Human error is inherent to all land cover training data sets, especially those compiled by on-screen interpretation². However, the size of our database precludes manual quality assurance for each training unit. Hence, to minimize errors and maximize the dataset’s quality, we used a two-step machine learning-based cross-validation procedure adapted from Brodley & Friedl⁴⁸ to remove poorly labeled training data. In the first step, we divided the training data in each continent into up to 9 biogeographical regions determined based on k-means clustering of maximum temperature, minimum temperature, precipitation, latitude, and longitude. Before clustering, the three climate variables were normalized to unit variance, and we included latitude and longitude to create spatially coherent clusters. In the second step, we used the ranger package in R to estimate unique random forest models for each cluster and to estimate class membership probabilities for each class for each training unit using a combination of remote sensing and ancillary features as predictors at each unit (see²⁴ for details). The ancillary data features used to build random forest models include topography, global surface water, climate, population, and settlements.

We then examined the difference between the 1st and 2nd most likely classes; training data with margins less than 0.05 were discarded because they represented cases where the two most likely classes were easily confused. To select this threshold, we performed a 10-fold cross validation analysis, which demonstrated that training cases with margins less than or equal to 0.05 had substantially higher misclassification rates relative to cases with higher margins. We then removed all misclassified cases for which the margin between the predicted label and the label assigned to the unit in the database was in the upper quartile of margins for each class. In other words, we removed data where the assigned label differed from the label predicted by random forest, and where the class probability for the label assigned by random forest was high.

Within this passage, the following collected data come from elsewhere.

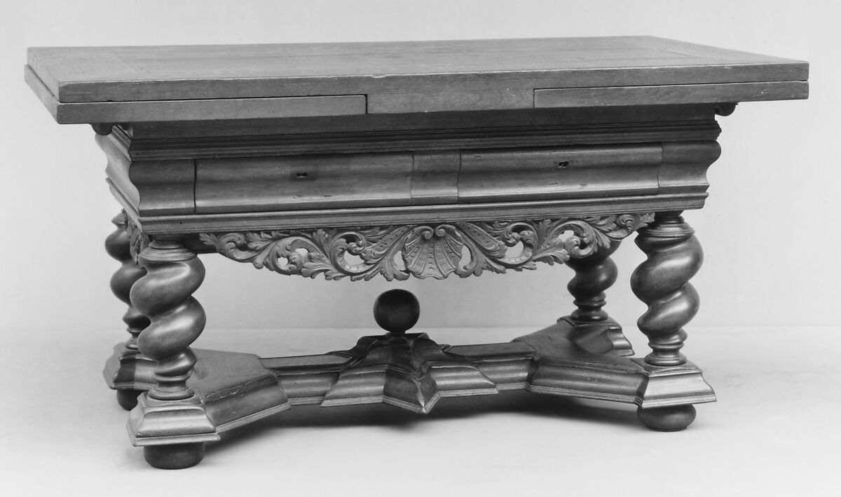 The solid turned legs and heavy stretcher of this table are typical of the region of Gdansk (formerly Danzig) in Poland.
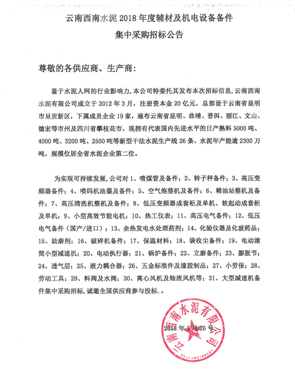 鑒于水泥人網(wǎng)的行業(yè)影響力,本公司特委托其發(fā)布本次招標(biāo)信息,云南西南水泥有限公司成立于2012年3月,注冊資本金20億元,總部設(shè)于云南省昆明市呈貢新區(qū),下屬成員企業(yè)19家,遍布云南省昆明、曲靖、普洱、麗江、文山、德宏等市州及四川省攀枝花市,現(xiàn)擁有代表國內(nèi)先進水平的日產(chǎn)熟料5000噸、4000噸、3200噸、2500噸等新型干法水泥生產(chǎn)線26條,水泥年產(chǎn)能逾2300萬噸,規(guī)模位居全省水泥企業(yè)第二位。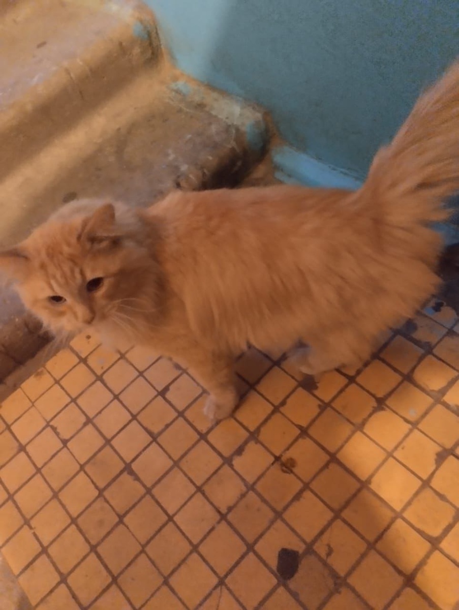 Чей котик потерялся?видно что домашний. сидит весь день в подъезде, улица Тевосяна дом 24Б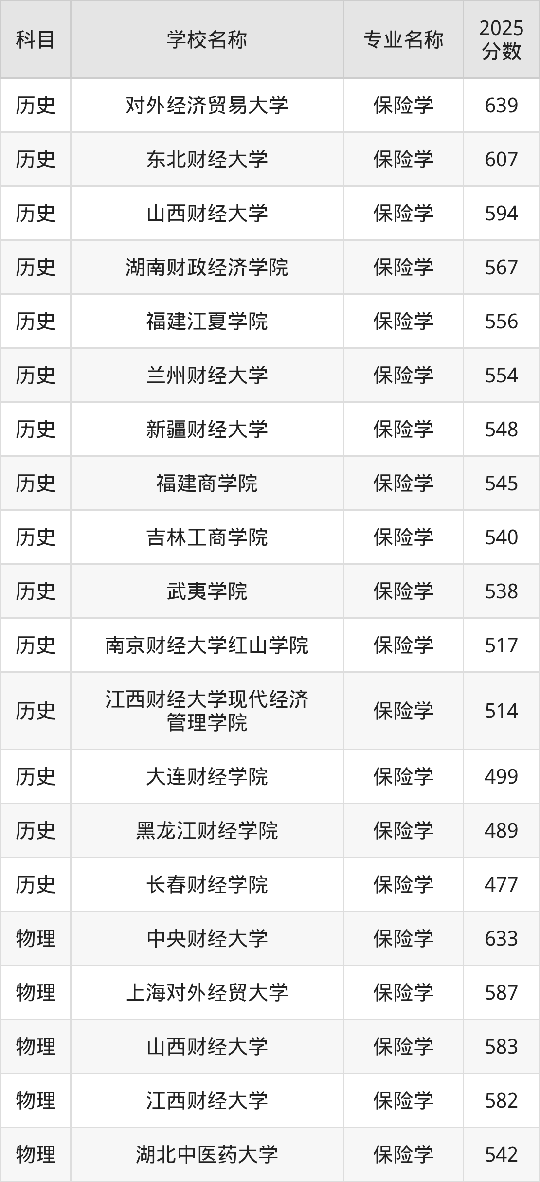 通过上文大家可以知晓,在河北省内招保险学专业的院校数量较少,所以下文将为2026届高考生继续展示:省外大学的保险学专业2025年在河北高考的录取情况,包含对外经济贸易大学、东北财经大学、山西财经大学、湖南财政经济学院、福建江夏学院。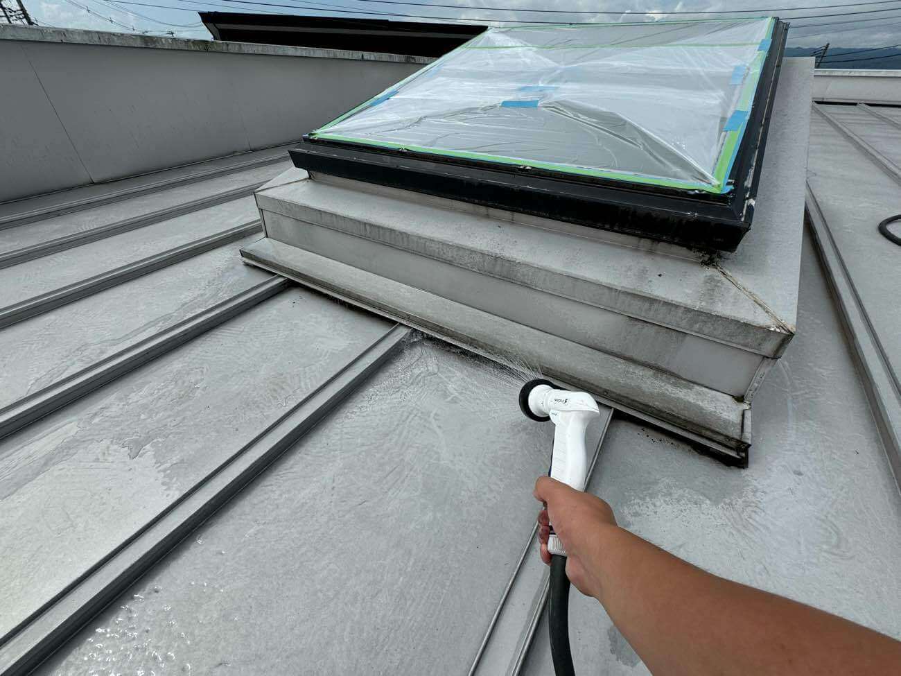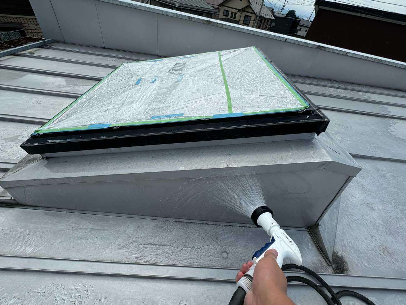 まずはトップライトと屋根の取合い部に一定時間散水を行いましたが、浸入水は確認できませんでした。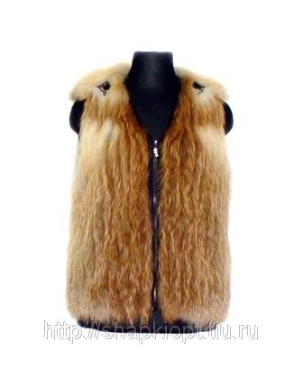 Ворот из меха рыжей лисы. Застежка молния. Декоративная отделка проймы, горловины, карманов и молнии. Подклад. Жилет рекомендуется для прохладной погоды.

Using this procedure, we removed ~15% of the training data in each continent (Fig. 7 - removed data shown in gray). Approximately 97% of removed training units were discarded by applying the 0.05 threshold and 3% were discarded because the predicted and assigned label differed. The removal of training units was uniform across land covers (Fig. 7) and did not disproportionately affect transitional units (our procedure discarded 23% of all training units labeled transitional and 16% of all training units labeled stable). In some cases, training units with very small margins provide examples of land cover that are unique or represent important sub-variants of the classes we are mapping. In general, however, these cases represent training units with mixed land cover and the small margins associated with these training units indicate that the classifier is not able to reliably distinguish their land cover class, which can increase errors in classification results⁴⁸. Hence, we adopted a strategy of removing these cases from the training set.

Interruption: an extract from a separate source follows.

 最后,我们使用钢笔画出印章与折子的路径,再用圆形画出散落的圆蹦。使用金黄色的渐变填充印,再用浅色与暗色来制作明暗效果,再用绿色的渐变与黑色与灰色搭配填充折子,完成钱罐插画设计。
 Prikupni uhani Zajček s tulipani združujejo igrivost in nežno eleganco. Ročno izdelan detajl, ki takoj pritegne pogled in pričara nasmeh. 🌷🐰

As an additional technical validation, we followed an approach used by Doda et al.⁴⁹ to compare classification results based on our training data against reference data. We created the reference set by splitting our final training database into train (70%) and test (30%) data and withholding the test data from the model. We used the random forest classification algorithm in the scikit-learn package (version 0.22.2) in Python 3.6.7. We selected random forest because it is 1) a widely-used model suitable for land cover mapping, 2) relatively resistant to overfitting, and 3) efficiently handles noisy input data^50,51. To optimize random forest, we used a grid search to automatically fine-tune model parameters and 3-fold cross-validation to assess model performance. To estimate the final model used in this technical validation, we used the parameter combination with the lowest root-mean-squared error (RMSE). To train the model, we used predictors derived from the CCDC parameters based on harmonic models fit to time series of Landsat surface reflectance bands (e.g., green phase, green amplitude, etc.) as well as a variety of ancillary layers (e.g., topography, population, etc.)²⁴. In total, each training unit had 56 features.

Tables S2–S7 show the confusion matrices between the observed and predicted land cover labels. Even though the user’s accuracy is high (greater than 0.8 in most continents) (Fig. 8a), there is confusion between some classes (Tables S2–S7). Distinguishing between herbaceous vegetation and shrubs is difficult because frequently training units represent a mixture of these two cover types, an issue that has been well documented by previous studies^18,24. Even at 30 m spatial resolution, relatively few training units are actually uniform in terms of their land cover composition. Note that producer’s accuracy and F1-score are generally high for most classes, but low for shrubs for almost every continent except for Oceania (Fig. 8b,c). Producer’s accuracy is also low for developed and bare ground, especially in South America (Fig. 8b).

Usage Notes

Because the process of acquiring supplementary datasets was opportunistic and non-systematic based on data availability and quality, the full database includes geographic variation in data density. For example, some regions have training units that are geographically clumped (e.g., Ghana) or land cover classes that are overrepresented (e.g., herbaceous) (Figs. 3–5). Some users may need to sub-sample the dataset or enforce constraints on data density depending on their research question, application, or area of interest. For example, in the GLanCE project, we use a 100 × 100 km grid to assign weights such that if more training data are present in a single grid cell, the data are sub-sampled (and vice-versa) to ensure pseudo-uniform density of training data across space. Users may also need to sub- or resample the database to enforce uniform or proportional class distributions.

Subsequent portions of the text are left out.